EXERCISE
Print the entries that appear below, exactly as written and without their pictures.

[Records from a data source]
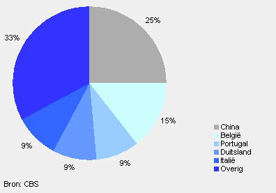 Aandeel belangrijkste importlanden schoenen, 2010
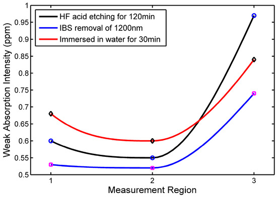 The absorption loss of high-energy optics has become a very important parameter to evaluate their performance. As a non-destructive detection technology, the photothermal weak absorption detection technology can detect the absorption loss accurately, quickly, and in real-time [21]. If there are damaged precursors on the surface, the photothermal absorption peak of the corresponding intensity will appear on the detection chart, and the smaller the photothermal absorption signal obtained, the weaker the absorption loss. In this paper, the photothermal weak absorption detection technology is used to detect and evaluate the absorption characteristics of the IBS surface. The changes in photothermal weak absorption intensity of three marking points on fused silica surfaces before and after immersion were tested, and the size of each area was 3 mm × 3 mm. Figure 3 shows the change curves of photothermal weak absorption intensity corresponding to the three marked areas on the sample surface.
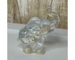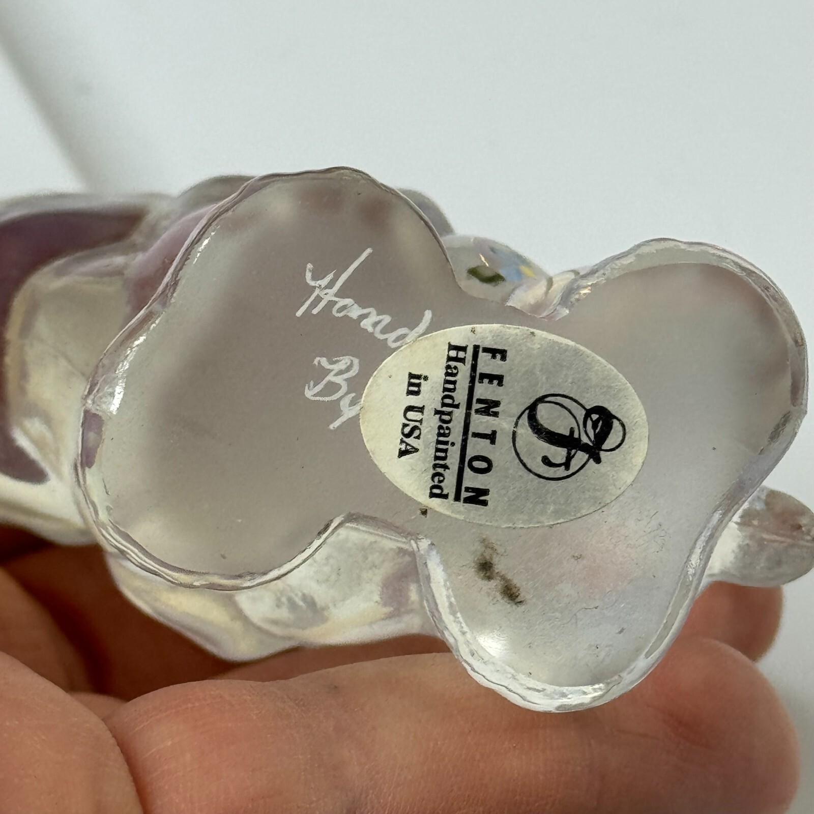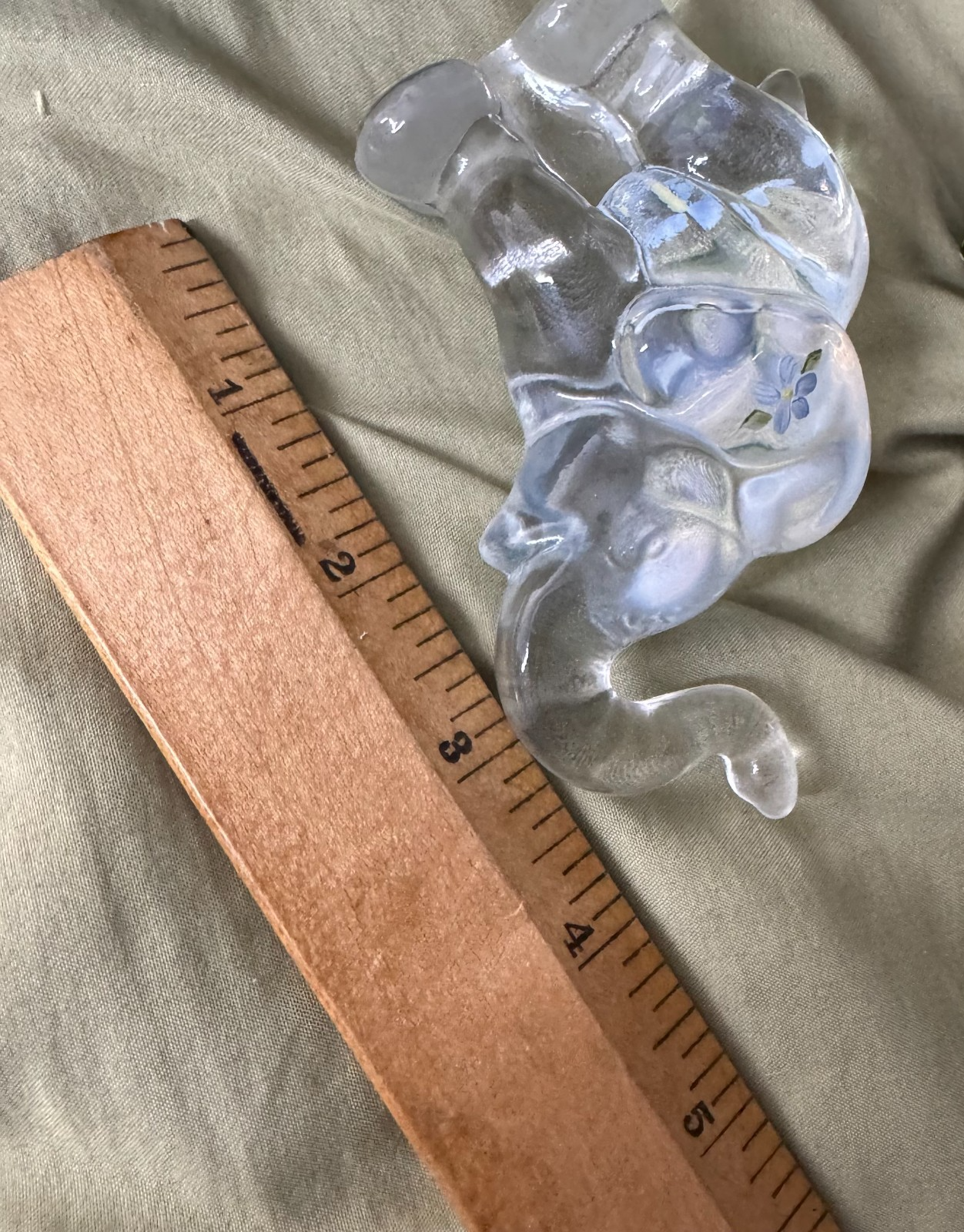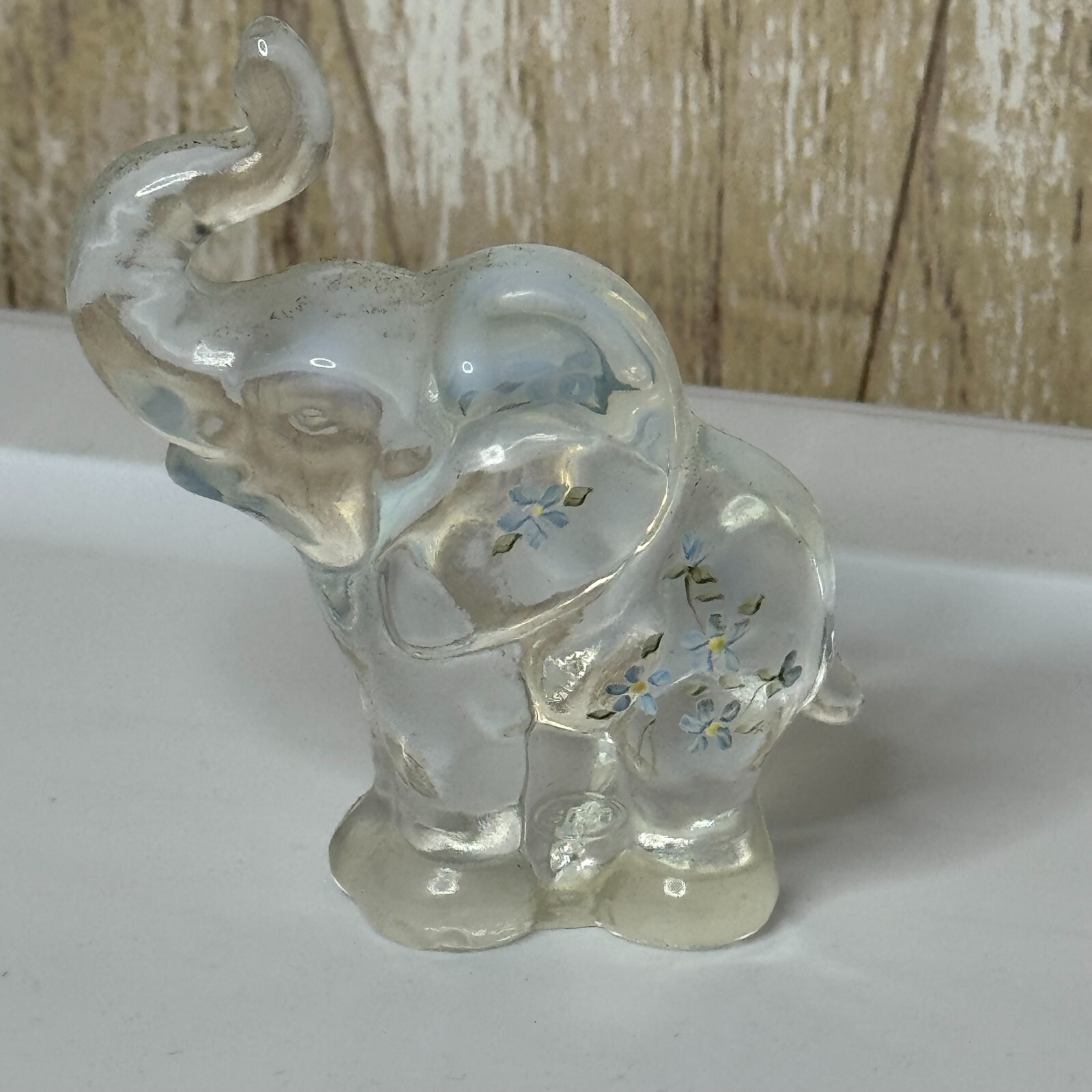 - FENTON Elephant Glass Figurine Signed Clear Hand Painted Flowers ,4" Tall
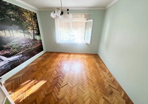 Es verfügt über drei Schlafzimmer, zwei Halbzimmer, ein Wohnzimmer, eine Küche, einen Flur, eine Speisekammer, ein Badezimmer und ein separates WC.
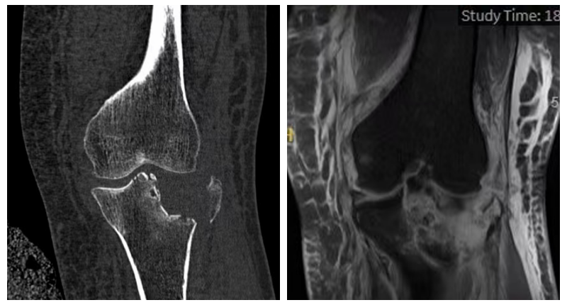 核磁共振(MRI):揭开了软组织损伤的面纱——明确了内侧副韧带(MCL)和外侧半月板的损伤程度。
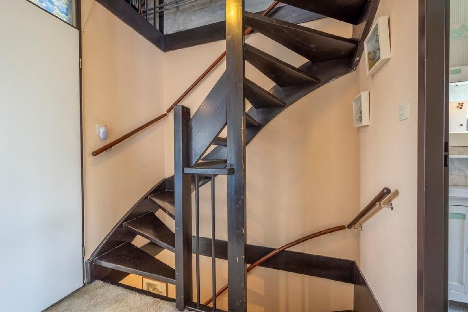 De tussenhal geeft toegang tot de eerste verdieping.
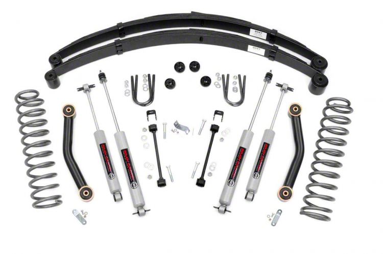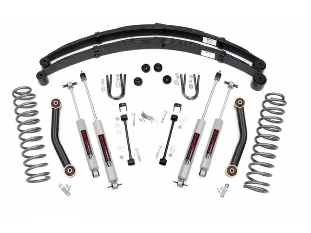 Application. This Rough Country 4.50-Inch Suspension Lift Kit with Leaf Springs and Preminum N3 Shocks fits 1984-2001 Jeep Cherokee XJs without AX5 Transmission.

WRITTEN RESPONSE
 Aandeel belangrijkste importlanden schoenen, 2010
 The absorption loss of high-energy optics has become a very important parameter to evaluate their performance. As a non-destructive detection technology, the photothermal weak absorption detection technology can detect the absorption loss accurately, quickly, and in real-time [21]. If there are damaged precursors on the surface, the photothermal absorption peak of the corresponding intensity will appear on the detection chart, and the smaller the photothermal absorption signal obtained, the weaker the absorption loss. In this paper, the photothermal weak absorption detection technology is used to detect and evaluate the absorption characteristics of the IBS surface. The changes in photothermal weak absorption intensity of three marking points on fused silica surfaces before and after immersion were tested, and the size of each area was 3 mm × 3 mm. Figure 3 shows the change curves of photothermal weak absorption intensity corresponding to the three marked areas on the sample surface.
 - FENTON Elephant Glass Figurine Signed Clear Hand Painted Flowers ,4" Tall
 Es verfügt über drei Schlafzimmer, zwei Halbzimmer, ein Wohnzimmer, eine Küche, einen Flur, eine Speisekammer, ein Badezimmer und ein separates WC.
 核磁共振(MRI):揭开了软组织损伤的面纱——明确了内侧副韧带(MCL)和外侧半月板的损伤程度。
 De tussenhal geeft toegang tot de eerste verdieping.
 Application. This Rough Country 4.50-Inch Suspension Lift Kit with Leaf Springs and Preminum N3 Shocks fits 1984-2001 Jeep Cherokee XJs without AX5 Transmission.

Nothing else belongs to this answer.